Environ 1,7 million de personnes vivent avec une perte de membre chaque année aux États-Unis, et la grande majorité ressent des sensations de membre fantôme commençant dans les jours et les semaines qui suivent l’amputation. Pour beaucoup, la douleur peut être sévère et difficile à traiter en utilisant les thérapies existantes. Ce fut certainement le cas de Lin, qui a essayé les opioïdes, le cannabis et le médicament contre la douleur nerveuse Prégabaline avant d’expérimenter la psilocybine.
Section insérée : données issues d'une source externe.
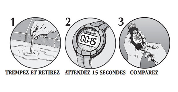 Trempez, comparez, en fonction de la couleur vous saurez comment agir pour l'équilibre de votre eau.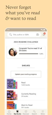 Η εξερεύνηση νέων κόσμων δεν ήταν ποτέ ευκολότερη. Με το Goodreads, μπορείτε να σκανάρετε αμέσως εξώφυλλα βιβλίων και να έχετε πρόσβαση σε κριτικές, προσθέτοντάς τα στην προσωπική σας λίστα 'Θέλω να Διαβάσω' με μια μόνο κίνηση. Απολαύστε εξατομικευμένες προτάσεις που βασίζονται στα μοναδικά σας γούστα, ανακαλύπτοντας τίτλους που σίγουρα θα λατρέψετε. Περιηγηθείτε σε επιλεγμένες κατηγορίες και είδη, ή δείτε τι διαβάζουν οι φίλοι σας για να εμπνευστείτε και να επεκτείνετε τους αναγνωστικούς σας ορίζοντες.

Bien que le nouvel essai n’inclue pas de retour visuel en miroir, son succès pourrait toujours pointer vers une nouvelle option potentiellement bouleversante pour des millions de personnes souffrant de cette maladie débilitante.

Réinitialiser le cerveau

« De toutes les affections douloureuses chroniques, la douleur des membres fantômes est l’une des rares à être à peu près un phénomène de douleur purement central », a déclaré Joel Castellanos, médecin spécialiste de la douleur à l’UCSD et sous-investigateur de l’essai ainsi que auteur principal de l’examen 2020. « La douleur vient d’une dissonance entre le manque d’apport des nerfs dans la zone du cerveau qui représente la zone qui n’est plus là », a déclaré Castellanos au Project CBD.

Il s’agira du premier essai clinique randomisé contrôlé par placebo examinant l’innocuité et l’efficacité du traitement de la douleur des membres fantômes avec la psilocybine.

La façon dont la psilocybine peut aider à « réaligner la représentation du corps du cerveau » et ainsi étouffer la douleur, n’est pas différente de la façon dont elle peut être utilisée pour aider à traiter l’anxiété, la dépression, les troubles de l’alimentation et d’autres problèmes neuropathiques chroniques. ou « maladies du système nerveux central », a déclaré Castellanos.

« Notre cerveau entre dans ces schémas de tir qui sont inadaptés et pathologiques, et en utilisant des psychédéliques comme bouton de réinitialisation, il réinitialise la capacité du cerveau à tirer d’une manière plus saine et plus efficace », a-t-il expliqué. « Plus les patients sont longtemps dans ces états pathologiques, plus ces voies neuronales sont fermes… [T]L’idée de quelque chose capable de réinitialiser ces voies mérite d’être explorée plus avant.

Nate Seltenrich, journaliste scientifique indépendant basé dans la région de la baie de San Francisco, couvre un large éventail de sujets, notamment la santé environnementale, les neurosciences et la pharmacologie.